March 7, 2012
January 18, 2012
Sundt’s crews are excavating for the drainage structures that will be incorporated into the new C-130 parking apron. Grading work, also for the apron, is shown on the right.
Sundt’s current work at Cannon Air Force Base near Clovis, N.M., is a great example of why experience matters. The $23 million heavy civil project involves building a new parking apron and taxiway for the C-130 gunship aircraft – plus extensive drainage facilities – in just 365 calendar days. As if that weren’t challenging enough, the site is in close proximity to an active runway and “arm / de-arm pad” where arriving planes are armed and de-armed with live ammunition – operations that necessarily take priority over construction and can bring the team’s activities to a halt. There are also five other contractors on site to work around and coordinate with.
“One of the main reasons Sundt was selected for the job is our experience performing military airfield paving and similar work for the federal government,” explains Project Manager Dominic Mascia. “There are about 55 pages of specifications for the concrete paving alone – covering batching and placing the concrete to the quality checks which include thickness, smoothness, strength, etc. It takes a lot to get a quality end product, which not every contractor understands. Poor quality work can lead to early and unscheduled maintenance and other more serious problems that can be both expensive and dangerous. We also have a lot of experience working in high-security military environments.”
Sundt’s ability to perform more than half of the project with its own crews offers another advantage. “We’re self-performing the earthwork, the installation of the underground utilities (storm drain and water line), the box culverts and other drainage structures, and the concrete paving,” Mascia continued. “Quality is the ultimate goal. Experience, plus self-performing a large part of the work, is a proven way to reach it.”
November 9, 2011
Sundt's "West Block" project in San Diego, Calif., occupies an entire city block.
Now that’s a tight construction site. Sundt’s current project on the San Diego Community College District’s City College Campus occupies an entire city block, hence its nickname “West Block.” It consists of an 83,000-square-foot classroom building that will be used for social sciences instruction, health services and corporate education, plus an adjacent 400-vehicle parking structure.

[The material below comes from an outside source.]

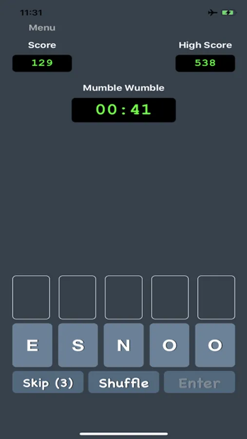 If you like the challenge of unscrambling words, then Mumble Wumble is the game for you! The goal of the game is to untangle as many 5 letter words in two and a half minutes as you can. The quicker you solve each word and the more consecutive solved words you get, the more points you earn. You can skip up to 9 words if you get stumped. Beat the clock, earn points, climb to the top of the leaderboard and earn bragging rights!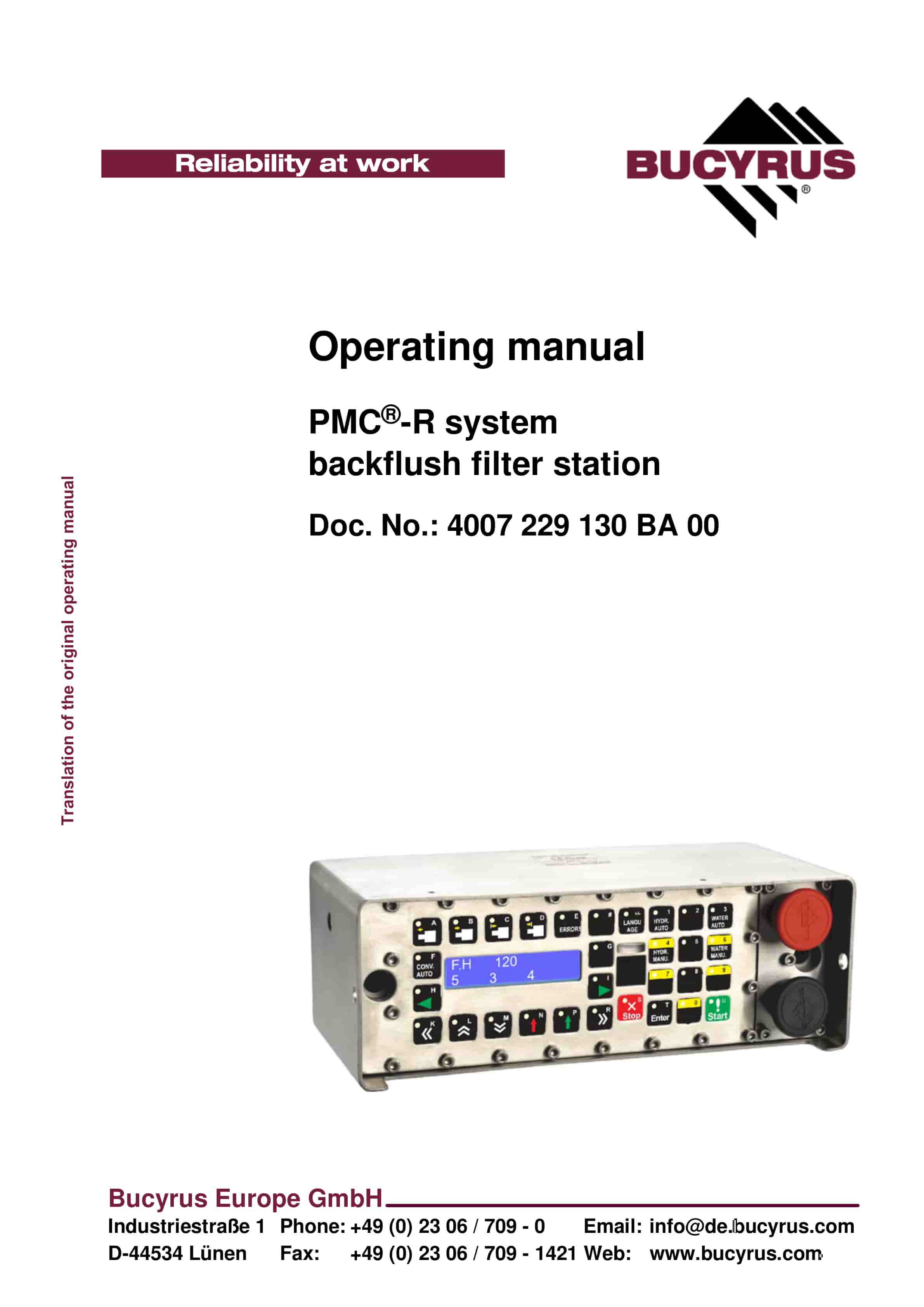 Bucyrus PMC-R System Backflush Filter Station Operating Manual 4007 299 130 BA 00

This photo, taken last week, shows how little room the team has for materials delivery, equipment storage and laydown, which makes careful planning and sequencing essential for success. “The job is bounded by streets,” says Project Manager Conrad Benitez. “With the exception of the small area at the courtyard, every side of the buildings is up to the property line.”
Something else that’s unique about the job: our Concrete Division is self-performing all of the concrete work, a package valued at $13 million out of a total contract amount of $16 million. The design-build project is scheduled for completion this summer.
July 19, 2011
Sundt employees placed the concrete foundation for the new playground equipment at Mesa Verde Elementary in Tucson.

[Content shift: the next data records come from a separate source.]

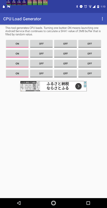 این ابزار چندین سرویس اندروید را راهاندازی میکند که همچنان مقدار SHA1 بافر 2 مگابایتی را محاسبه میکند که توسط دادههای تصادفی پر میشود. با فشار دادن دکمه میتوانید تعداد سرویسهای Android راهاندازی شده را کنترل کنید. اساساً من فکر می کنم که بارگذاری CPU زمانی بالاتر است که تعداد سرویس ها را به اندازه تعداد هسته CPU راه اندازی می کنید.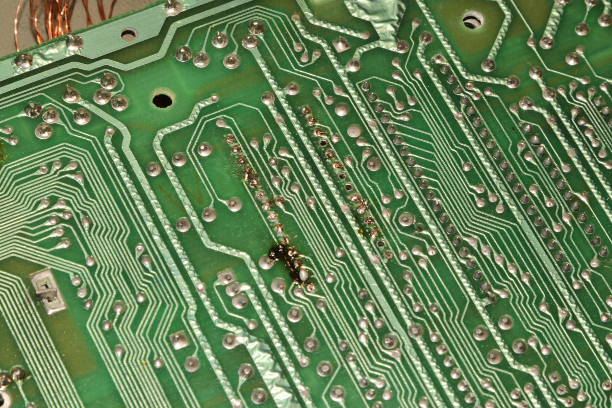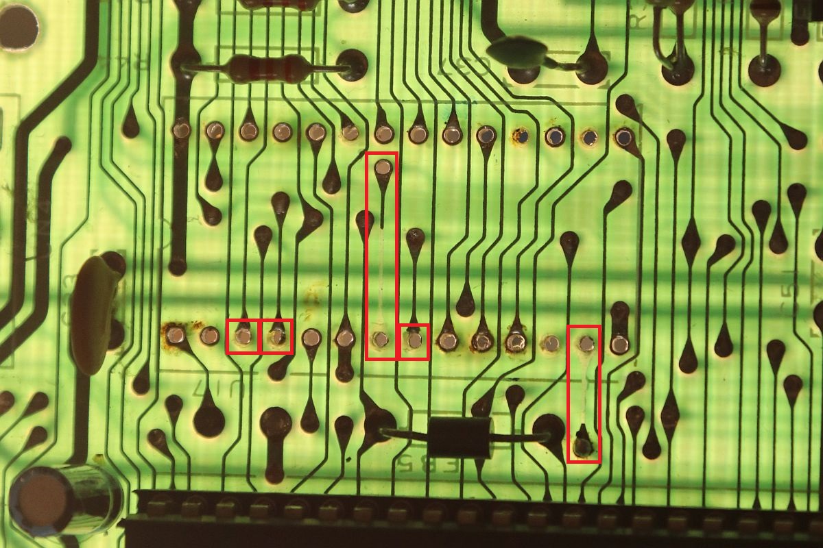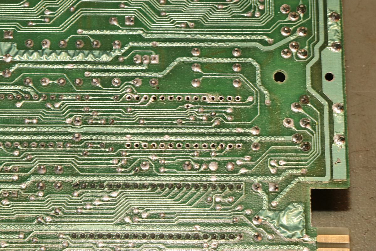 {C64 Motherboard - Das Massaker} Mich erreichte als Spende ein bemitleidenswertes Motherboard: PLA-Nachbau an Engelshaar... Auf die eine oder andere Weise hat sich da wer richtig Mühe gemacht! Etwas angebrannt... Fast alle Bausteine sind gesockelt - nachträglich. Auch die großen ICs, ich hoffe, besser als die ULA... Wie immer: erst einmal alles entfernen, dann sieht man, was sich darunter verbirgt. Fast gut... aber eben nur fast. Auf der Unterseite ist eigentlich alles komplett - vorausgesetzt, der Täter hat die Vias nicht mit herausgerissen. Das Ohmmeter wird es zeigen. Auf der Oberseite haben sich zwei Leiterbahnen verabschiedet und diverse Restrings fehlen. Das wird spannend. Ach ja, der ULA-Ersatz dürfte so auch nicht funktioniert haben... Ich bin gespannt, ob man das Board wieder zum Leben erwecken kann... Ohne Engelshaar! |
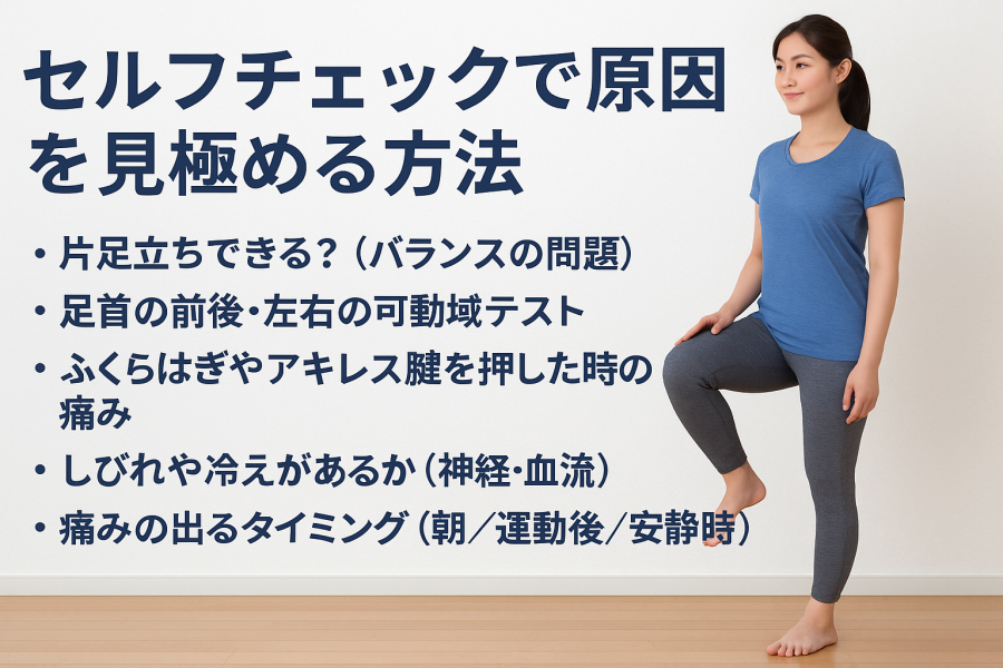 「足首が固まる原因って、自分である程度わかるの?」とよく聞かれます。実は、簡単なセルフチェックを行うことで「筋肉の問題か?」「関節の問題か?」「神経や血流の問題か?」など、おおよその方向性をつかむことができると言われています。ここでは、自宅でできる5つのチェック方法を会話形式で分かりやすく紹介します。

Friends and family of Christina-Taylor Green, the youngest victim of the shooting rampage that occurred in Tucson last January, now have a place where they can remember her and be inspired by her short life. The Christina-Taylor Green Little Hands Playground at Mesa Verde Elementary school was built with contributions from a number of organizations, including $13,000 worth of concrete construction donated by Sundt’s Concrete Division and coordinated through the Sundt Foundation.

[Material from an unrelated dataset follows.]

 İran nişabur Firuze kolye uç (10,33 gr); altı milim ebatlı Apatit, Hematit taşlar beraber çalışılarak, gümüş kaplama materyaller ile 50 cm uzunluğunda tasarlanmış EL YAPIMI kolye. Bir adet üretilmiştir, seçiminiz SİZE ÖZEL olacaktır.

The project was organized by the Christina-Taylor Green Memorial Foundation as a living memorial and much-needed improvement to the aging playground, which hadn’t been upgraded since the school was built 35 years ago. Christina-Taylor was a third grader there when she lost her life last January during a public “meet and greet” event with Arizona Congresswoman Gabrielle Giffords.
The new climbing structures and playground equipment rest on a floor of rubber tiles (for improved fall protection) and are canopied by an expansive shade structure. Volunteers from Sundt poured the 2,500-square-foot, four-inch-thick foundation, which includes a four-inch curb around the perimeter to frame the rubber tiles. They also installed the aggregate base course sub base and water-cured the slab to prepare it for the tile adhesive.
“Sundt was privileged to be part of this project,” said Sundt Foundation Vice President Tom Crohurst. “We hope the playground brings joy to many children, just as Christina-Taylor Green did to those who knew her.”